Traditionally, this was done with a bucket and ladle and the sprinkler would wear a yukata or summer kimono. In its more modern forms, various green groups have used the Internet to encourage people in Japan to do uchimizu with recycled water as a form of environmentally aware public courtesy.

== Practice ==

=== "Mission Uchimizu" ===
A public campaign for uchimizu, named “Sidewalk Sprinkling Campaign in Tokyo,” was initiated in 2003 by a coalition of non-profit organizations. This campaign aimed to address the issue of climate change and the urban heat island effect, which is the phenomenon of urban areas having higher temperatures than that of rural ones. The campaign was conducted on August 25 in Tokyo, where participants were encouraged to sprinkle the streets with recycled rain and bath water. An estimated 340,000 people participated, with some dressed in yukata to honor traditional Japanese culture. After the event, temperatures were reported to have decreased by one degree Celsius.

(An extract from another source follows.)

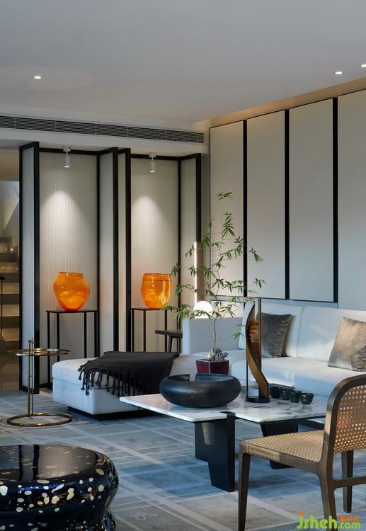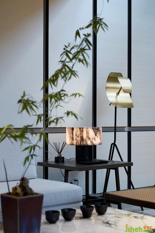 穿過屏風進入餐廚區(qū)域,深木色的廚房空間更像一個藏風聚氣的藝術(shù)館,室內(nèi)設(shè)計師以一種低調(diào)的靜默,達至分明的藝術(shù)性指向。無論是陳列柜上的藝術(shù)品還是藝術(shù)玻璃繪制的巨幅山水畫,都增強了空間內(nèi)在的人文厚度。餐廳吊燈自下而上緩緩而升,提升了垂直方向上的視覺體驗。墻面如葉子般輕輕飛舞的藝術(shù)裝置,鋪設(shè)出曲動飛揚的神采風韻。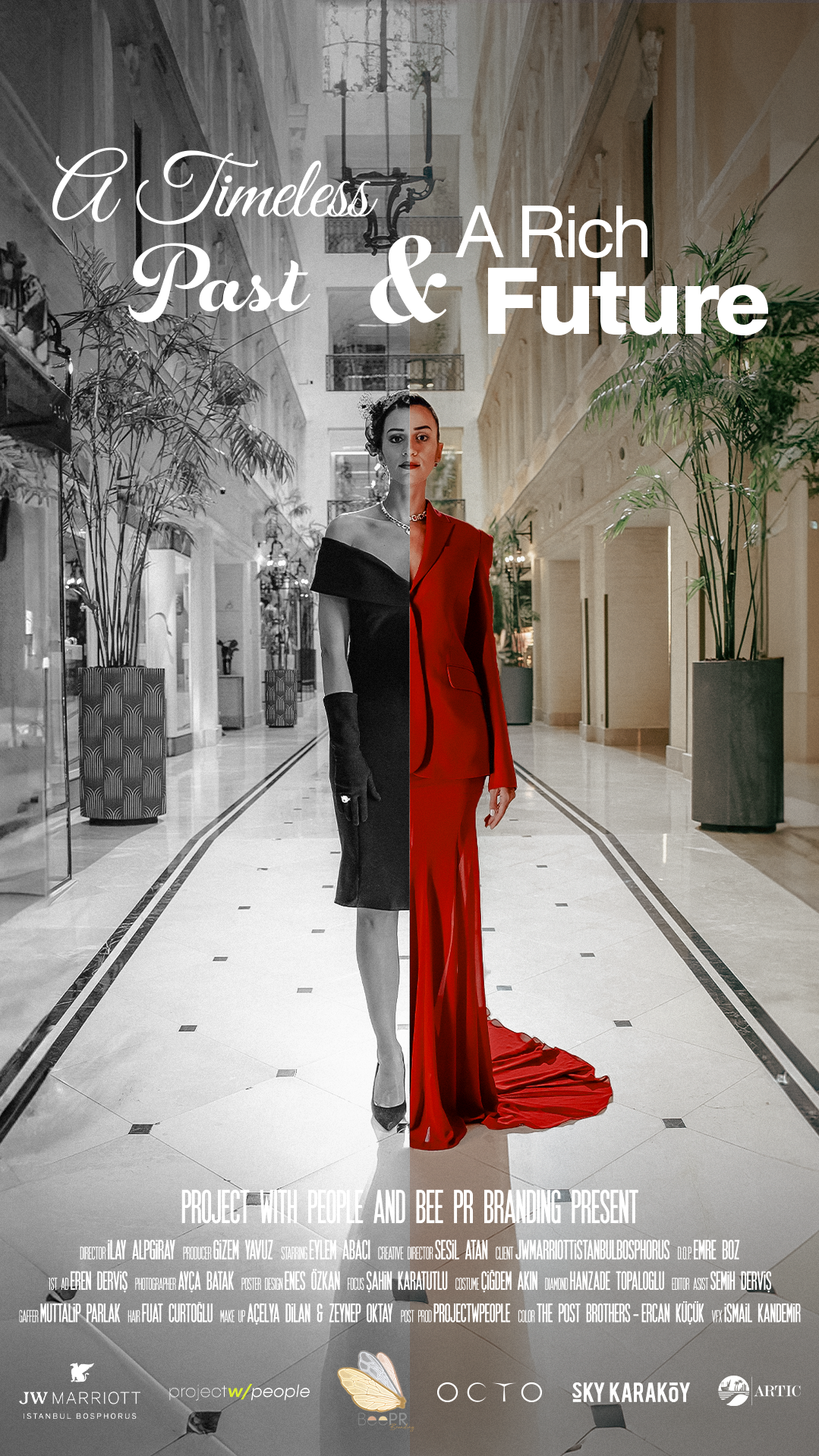 Türkiye Cumhuriyeti’nin 100. yılını konu alan, İlay Alpgiray’ın yönetmeni olduğu ‘A Timeless Past and a Rich Future’ filmi afiş tasarımı. Berlin Indie Film Festival kapsamında ‘Best Fashion Film’ ödülü alarak açılış yapan film, World Film Festival in CANNES festivalinde finalist oldu ve Toronto Independent Film Festival kapsamında ‘Best Short Women’s Issue Film’ ödülünü aldı. Poster design for the film “A Timeless Past and a Rich Future”, directed by İlay Alpgiray, centered on the 100th anniversary of the Republic of Türkiye. The film opened by winning the Best Fashion Film award at the Berlin Indie Film Festival, was a finalist at the World Film Festival in Cannes, and received the Best Short Women’s Issue Film award at the Toronto Independent Film Festival.

In 2004, the campaign extended to places outside of Tokyo and its duration was extended to one week, from August 18 to 25. The campaign was also renamed "Sidewalk Sprinkling Campaign" and an estimated 3.29 million people participated. In 2005, participation levels reached an estimated 7.7 million, and in 2006, the dates for the campaign were permanently set from July 23 to August 23. The campaign received its English name, "Mission Uchimizu," in 2006 and 70 percent of Japanese people are now aware of the campaign.